Fifth, significantly stronger
protections for investors and consumers are being put in place including the
CFPB which is working to improve disclosures for mortgages and credit cards and
developing new standards for qualified mortgages.  New authorities are being used to strengthen protections
for investors and to give shareholders greater voice on issues like executive
compensation.

Geithner pointed to the failure of
account segregation rules to protect customers in the MF Global disaster as proof
of the need for more protections and said that the Council will work with the
SEC and the Commodity Futures Trading Council on this problem.   

Moving forward, reforms must be
structured to endure as the market evolves and to work not just in isolation
but to interact appropriately with each other and the broader economy.  “We
want to be careful to get the balance right-building a more stable financial
system, with better protections for consumers and investors, that allows for
financial innovation in support of economic growth.” 

First, he said, we have to make sure
we have a level playing field at home; that financial firms engaged in similar
activity and financial instruments that have similar characteristics are
treated roughly the same because small differences can have powerful effects in
shifting risk to where the rules are softer. 
A level field globally is also important, particularly with reforms that
toughen rules on capital, margin, liquidity, and leverage, as well as in the
global derivatives markets.  “In these areas we are working to discourage
other nations from applying softer rules to their institutions and to try to
attract financial activity away from the U.S. market and U.S. institutions.” 

It is necessary to align the
developing derivatives regimes around the world; preventing attempts to soften
application of capital rules, limiting the discretion available to supervisors
in enforcing rules on risk-weights for capital and designing rules for
resolution of large global institutions.  Also, because some U.S. reforms are different
or tougher from rules in other markets, there needs to be a sensible way to
apply those rules to the foreign operations of U.S. firms and the U.S.
operation of foreign firms.

 The U.S. also needs to move
forward with reforms to the mortgage market including a path to winding down
the government sponsored enterprises (GSEs.) 
The Administration has already outlined a broad strategy, Geithner said,
and expects to lay out more detail in the spring.  The immediate concern is to repair the damage
to homeowners, the housing market, and neighborhoods.  The President spoke this week about the range
of tools he plans to use.  Our ultimate goals
are to wind down the GSEs, bring private capital back into the market, reduce
the government’s direct role, and better target support toward first-time
homebuyers and low- and moderate-income Americans.
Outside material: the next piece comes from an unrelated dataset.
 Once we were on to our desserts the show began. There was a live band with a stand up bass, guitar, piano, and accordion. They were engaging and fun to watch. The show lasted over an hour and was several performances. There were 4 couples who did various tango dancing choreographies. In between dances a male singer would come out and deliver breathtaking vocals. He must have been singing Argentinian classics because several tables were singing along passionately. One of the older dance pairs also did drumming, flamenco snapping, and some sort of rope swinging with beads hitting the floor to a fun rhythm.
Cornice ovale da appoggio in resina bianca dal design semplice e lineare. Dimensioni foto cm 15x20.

Geithner said the new system must
foster affordable rentals options, have stronger, clearer consumer protections,
and create a level playing field for all institutions participating in the
system.  For this to happen without
hurting the broader economy and adding further damage to those areas that have
been hardest hit, banks and private investors must come back into the market on
a larger scale and they want more clarity on the rules that will apply. 

Credit availability is still a problem
and there is a broad array of programs in place to improve access to credit and
capital for small businesses.  As
conditions improve, it is important that we remain focused on making sure that
small businesses, a crucial engine of job growth, have continued access to
equity capital and credit.

Many Americans trying to buy a home
or refinance their mortgage are also finding it hard to access credit, even for
FHA- or GSE-backed mortgages.  The Administration has been working closely
with the FHA and FHFA to encourage them to take additional measures to remove
unnecessary barriers and they are making progress.  They will probably outline additional reforms
in the coming weeks.

Bank supervisors, in the normal
conduct of bank exams and supervision, as well as in the design of new rules to
limit risk taking and abuse, must be careful not to overdo it with actions that
cause undue damage to the availability of credit or liquidity to markets.

Geithner said the U.S. financial
system is getting stronger
, and is now significantly stronger than it was
before the crisis.  Among the achievements:

  • Banks have increased common equity
    by more than $350 billion since 2009.
  • Banks and other financial
    institutions with more than $5 trillion in assets at the end of 2007 have been
    shut down, acquired, or restructured.
  • The asset-backed commercial paper
    market has shrunk by 70 percent since its peak in 2007, and the tri-party repo
    market and prime money market funds have shrunk by 40 percent and 33 percent
    respectively since their 2008 peaks.
  • The financial assistance we provided
    to banks through TARP, for example, will result in taxpayer gains of
    approximately $20 billion.

The Secretary said the strength of
the banks is helping to support broader economic growth, including the more
than 3 million private sector jobs created over 22 straight months, and the 30
percent increase in private investment in equipment and software.  
Broadly, the cost of credit has fallen significantly since late 2008 and early
2009.  Banks are lending more, with commercial and industrial loans to
businesses up by an annual rate of more than 10 percent over the past six
months.  

He concluded by saying that no
financial system is invulnerable to crisis, and there is a lot of unfinished
business on the path of reform.  The reforms are tough where they need to
be tough.  “But they will leave our financial system safer, better able to
help businesses raise capital, and better able to help families finance safely
the purchase of a house or a car, to borrow to invest in a college education,
or to save for retirement.  And they will protect the taxpayer from having
to pay the price of future crisis.”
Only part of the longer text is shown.